- _WHAT YOU WILL DO_
Please return each entry that follows exactly as written, and keep the pictures out.

- _GIVEN DATA_
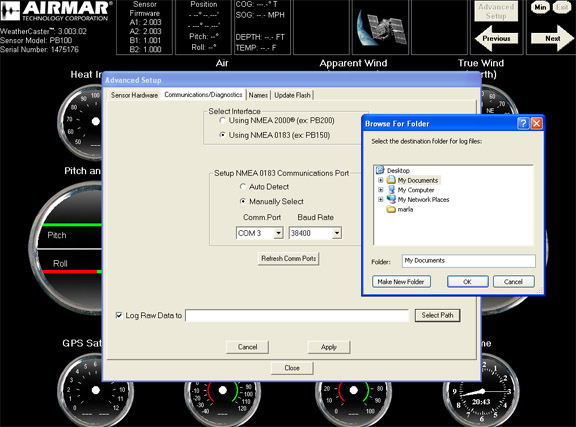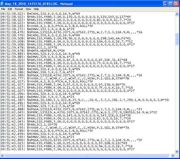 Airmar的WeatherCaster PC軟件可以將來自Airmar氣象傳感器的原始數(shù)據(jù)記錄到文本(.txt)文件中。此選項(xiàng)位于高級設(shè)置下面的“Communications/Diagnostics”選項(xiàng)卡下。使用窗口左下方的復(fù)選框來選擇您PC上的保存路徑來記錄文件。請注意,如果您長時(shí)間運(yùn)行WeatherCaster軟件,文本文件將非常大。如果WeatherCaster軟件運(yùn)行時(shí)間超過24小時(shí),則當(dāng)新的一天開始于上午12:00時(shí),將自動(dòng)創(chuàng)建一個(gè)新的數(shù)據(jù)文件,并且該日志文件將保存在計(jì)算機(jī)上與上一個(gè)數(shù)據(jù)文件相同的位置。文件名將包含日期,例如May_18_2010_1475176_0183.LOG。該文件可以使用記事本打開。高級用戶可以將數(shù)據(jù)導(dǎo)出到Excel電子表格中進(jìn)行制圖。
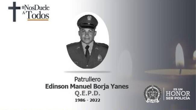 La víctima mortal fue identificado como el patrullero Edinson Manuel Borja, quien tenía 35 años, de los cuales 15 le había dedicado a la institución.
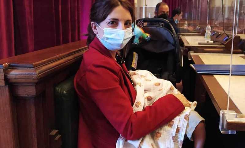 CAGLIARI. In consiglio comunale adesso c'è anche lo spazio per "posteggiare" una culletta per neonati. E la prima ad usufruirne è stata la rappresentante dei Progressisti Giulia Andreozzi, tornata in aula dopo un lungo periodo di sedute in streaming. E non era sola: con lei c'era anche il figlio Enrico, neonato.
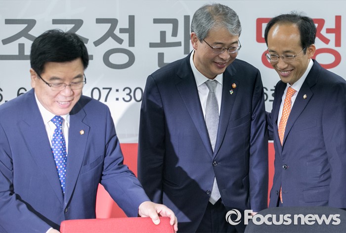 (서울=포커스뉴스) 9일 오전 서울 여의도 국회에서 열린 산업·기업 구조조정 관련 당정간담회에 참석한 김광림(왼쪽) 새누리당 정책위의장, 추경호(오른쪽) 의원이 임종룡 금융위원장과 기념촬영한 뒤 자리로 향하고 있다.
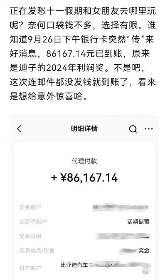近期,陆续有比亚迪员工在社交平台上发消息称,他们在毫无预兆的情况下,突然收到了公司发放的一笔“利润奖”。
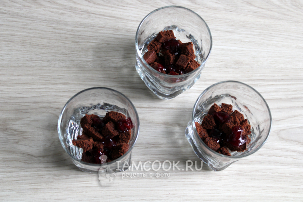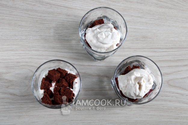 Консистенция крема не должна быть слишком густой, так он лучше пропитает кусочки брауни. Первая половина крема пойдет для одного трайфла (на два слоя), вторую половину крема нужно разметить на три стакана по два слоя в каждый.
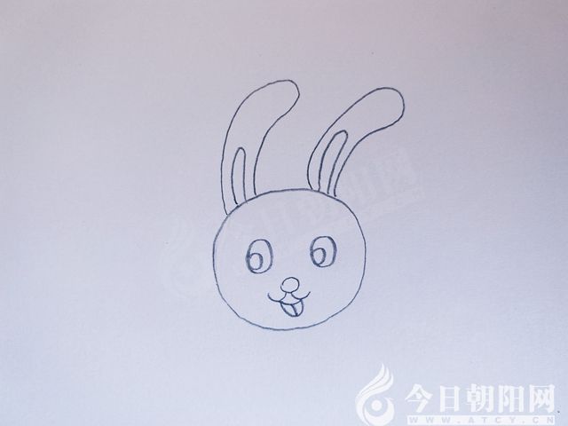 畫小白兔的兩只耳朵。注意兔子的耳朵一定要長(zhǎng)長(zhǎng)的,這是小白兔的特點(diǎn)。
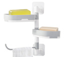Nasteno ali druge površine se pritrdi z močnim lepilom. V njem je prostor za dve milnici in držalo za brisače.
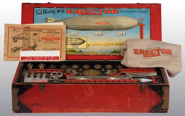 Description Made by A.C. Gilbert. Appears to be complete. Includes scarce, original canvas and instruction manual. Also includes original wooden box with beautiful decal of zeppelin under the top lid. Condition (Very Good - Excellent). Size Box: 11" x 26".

- _ANSWER TO THE PROBLEM_
 Airmar的WeatherCaster PC軟件可以將來自Airmar氣象傳感器的原始數(shù)據(jù)記錄到文本(.txt)文件中。此選項(xiàng)位于高級設(shè)置下面的“Communications/Diagnostics”選項(xiàng)卡下。使用窗口左下方的復(fù)選框來選擇您PC上的保存路徑來記錄文件。請注意,如果您長時(shí)間運(yùn)行WeatherCaster軟件,文本文件將非常大。如果WeatherCaster軟件運(yùn)行時(shí)間超過24小時(shí),則當(dāng)新的一天開始于上午12:00時(shí),將自動(dòng)創(chuàng)建一個(gè)新的數(shù)據(jù)文件,并且該日志文件將保存在計(jì)算機(jī)上與上一個(gè)數(shù)據(jù)文件相同的位置。文件名將包含日期,例如May_18_2010_1475176_0183.LOG。該文件可以使用記事本打開。高級用戶可以將數(shù)據(jù)導(dǎo)出到Excel電子表格中進(jìn)行制圖。
 La víctima mortal fue identificado como el patrullero Edinson Manuel Borja, quien tenía 35 años, de los cuales 15 le había dedicado a la institución.
 CAGLIARI. In consiglio comunale adesso c'è anche lo spazio per "posteggiare" una culletta per neonati. E la prima ad usufruirne è stata la rappresentante dei Progressisti Giulia Andreozzi, tornata in aula dopo un lungo periodo di sedute in streaming. E non era sola: con lei c'era anche il figlio Enrico, neonato.
 (서울=포커스뉴스) 9일 오전 서울 여의도 국회에서 열린 산업·기업 구조조정 관련 당정간담회에 참석한 김광림(왼쪽) 새누리당 정책위의장, 추경호(오른쪽) 의원이 임종룡 금융위원장과 기념촬영한 뒤 자리로 향하고 있다.
近期,陆续有比亚迪员工在社交平台上发消息称,他们在毫无预兆的情况下,突然收到了公司发放的一笔“利润奖”。
 Консистенция крема не должна быть слишком густой, так он лучше пропитает кусочки брауни. Первая половина крема пойдет для одного трайфла (на два слоя), вторую половину крема нужно разметить на три стакана по два слоя в каждый.
 畫小白兔的兩只耳朵。注意兔子的耳朵一定要長(zhǎng)長(zhǎng)的,這是小白兔的特點(diǎn)。
Nasteno ali druge površine se pritrdi z močnim lepilom. V njem je prostor za dve milnici in držalo za brisače.
 Description Made by A.C. Gilbert. Appears to be complete. Includes scarce, original canvas and instruction manual. Also includes original wooden box with beautiful decal of zeppelin under the top lid. Condition (Very Good - Excellent). Size Box: 11" x 26".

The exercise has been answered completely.